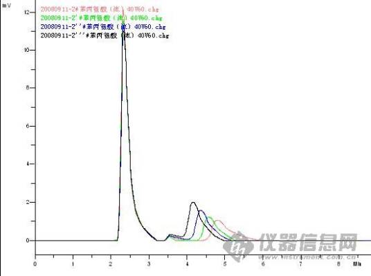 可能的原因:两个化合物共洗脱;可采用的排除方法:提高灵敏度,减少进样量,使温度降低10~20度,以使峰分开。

● ● ● ● ●

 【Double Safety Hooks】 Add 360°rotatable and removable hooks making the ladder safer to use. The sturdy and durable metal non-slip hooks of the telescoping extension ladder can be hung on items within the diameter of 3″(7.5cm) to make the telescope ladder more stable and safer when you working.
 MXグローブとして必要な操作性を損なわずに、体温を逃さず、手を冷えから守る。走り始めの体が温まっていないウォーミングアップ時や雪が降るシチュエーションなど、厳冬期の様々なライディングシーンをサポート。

● ● ● ● ●

Work to be completed:
From the entries above, give again exactly the lines running from the line with "when you working." to the line with "MXグローブとして必要な操作"; include both of those lines.

Exercise response:
 【Double Safety Hooks】 Add 360°rotatable and removable hooks making the ladder safer to use. The sturdy and durable metal non-slip hooks of the telescoping extension ladder can be hung on items within the diameter of 3″(7.5cm) to make the telescope ladder more stable and safer when you working.
 MXグローブとして必要な操作性を損なわずに、体温を逃さず、手を冷えから守る。走り始めの体が温まっていないウォーミングアップ時や雪が降るシチュエーションなど、厳冬期の様々なライディングシーンをサポート。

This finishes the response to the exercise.